She takes a bite, and a small smile tugs at the corner of her mouth.

“It’s actually really good,” she says, like she didn’t expect it to be.

I chuckle. It startles both of us. It’s the first real sound I’ve made that wasn’t wrapped in tension or apology in weeks.

“Glad you think so.”

The silence stretches long between us.

Only the soft clink of silverware on ceramic fills the space.

It’s awkward.

Unavoidably so.

Like the weight of everything we haven’t said is sitting at the table with us.

She sets her fork down.

Her eyes lift to mine.

Dark. Deep. Wounded.

Strong enough to look at me anyway .

“I don’t know how to do this.”

My chest tightens.

“Do what?” I ask, but I already know.

She swallows hard.

“Start over.”

I take a breath, setting my fork down with slow precision.

“No lies, no expectations. Right?”

She nods.

“Right.”

“Let's start with the first one. We start over by putting it all on the table.”

My throat tightens.

“I told you what I did.
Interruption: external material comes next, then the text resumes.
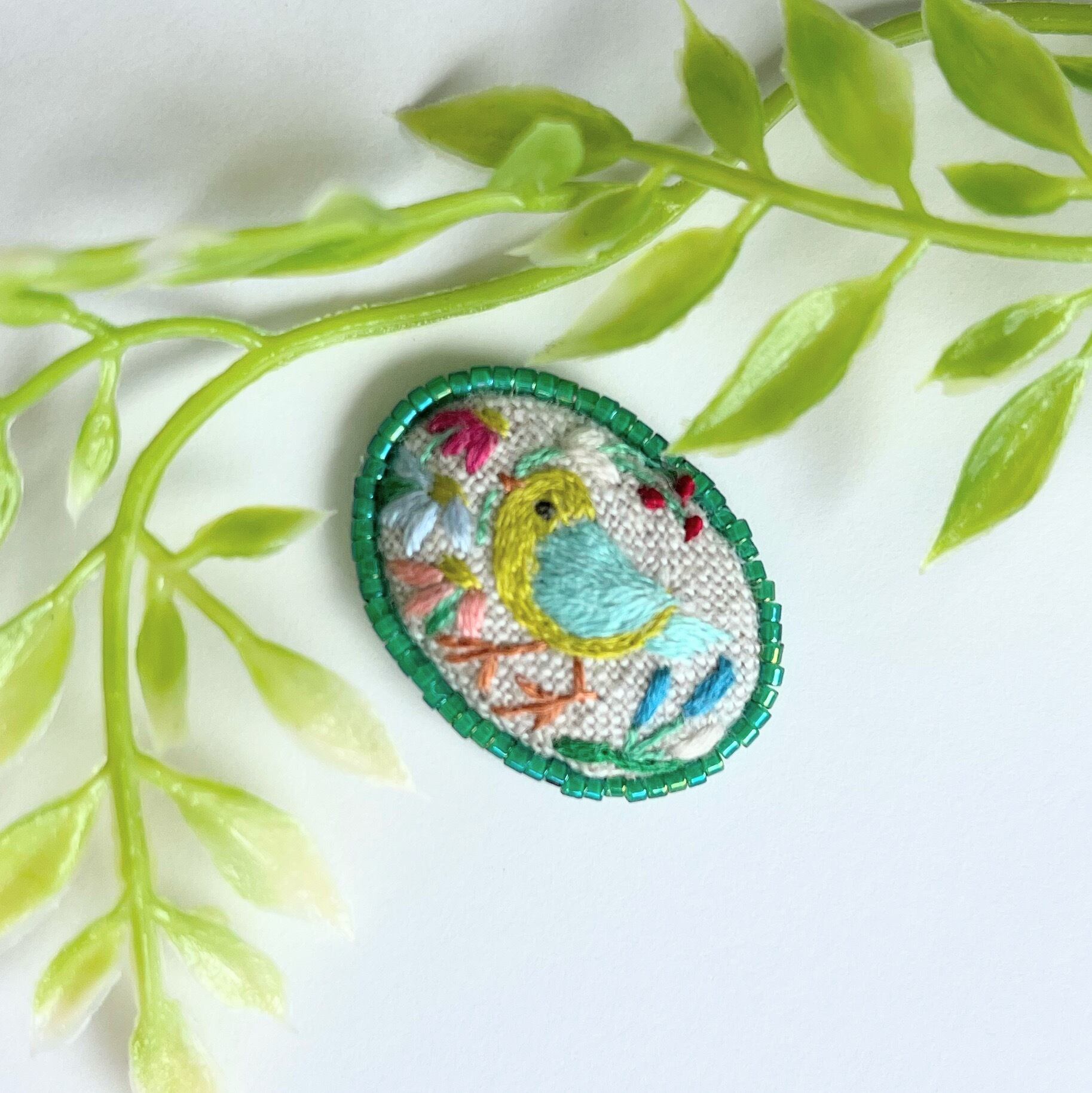 ナチュラルカラーのリネンにことりと草花を丁寧に刺繍しました。周囲には小粒のグリーンのビーズをあしらいました。

I had you followed for five years. I meddled in your life. I protected you—”

Her brow lifts, one delicate arch of skepticism.

“In my way,” I amend, jaw tightening.

I don’t flinch. I won’t flinch.

“And then you forced an arranged marriage.” Her voice is quiet, but the words cut clean.
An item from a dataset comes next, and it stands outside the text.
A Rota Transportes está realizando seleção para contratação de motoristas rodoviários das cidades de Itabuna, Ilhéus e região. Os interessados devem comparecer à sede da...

“And then I forced an arranged marriage,” I repeat, steady.

Her eyes gloss over, but her face doesn’t crumble.

Not this girl. Not anymore.

“Why?” she breathes.

A muscle jumps in my jaw.

I look down at my hands for a second, like they might hold the answer. They don’t.

“I did everything wrong,” I say finally.

She stills.

Her brows draw together.

Her lips part, the air between us charged.

“When you were trying to explain yourself in that hallway, outside the conference room—I didn’t let you.”

“You didn’t.”

“I didn’t,” I echo.

“I let my mouth speak before I could think. Before I gave you a chance.” I exhale sharply, the shame clawing up my throat.

“And then, instead of calling you. Texting. Hell, even showing up like a man—I sent my men.”

“To follow you. Watch you—”

“Stalk me.”

The word lands hard.

My jaw clenches.

My chest coils tight.

“If that’s what you want to call it—”

“That’s what it was.”

Silence.

I nod once, a small concession. “Agree to disagree.”

Her eyes narrow.

I feel it; her slipping away.

So I relax my shoulders, lean back just slightly, hands open, showing her I’m not here to fight.

Not tonight.

She studies me a moment, then sighs.

“Okay.”

“After I met Piccola…”

My eyes flick to hers.

And just like that, she shifts.

Her posture straightens. Her nose scrunches in subtle distaste.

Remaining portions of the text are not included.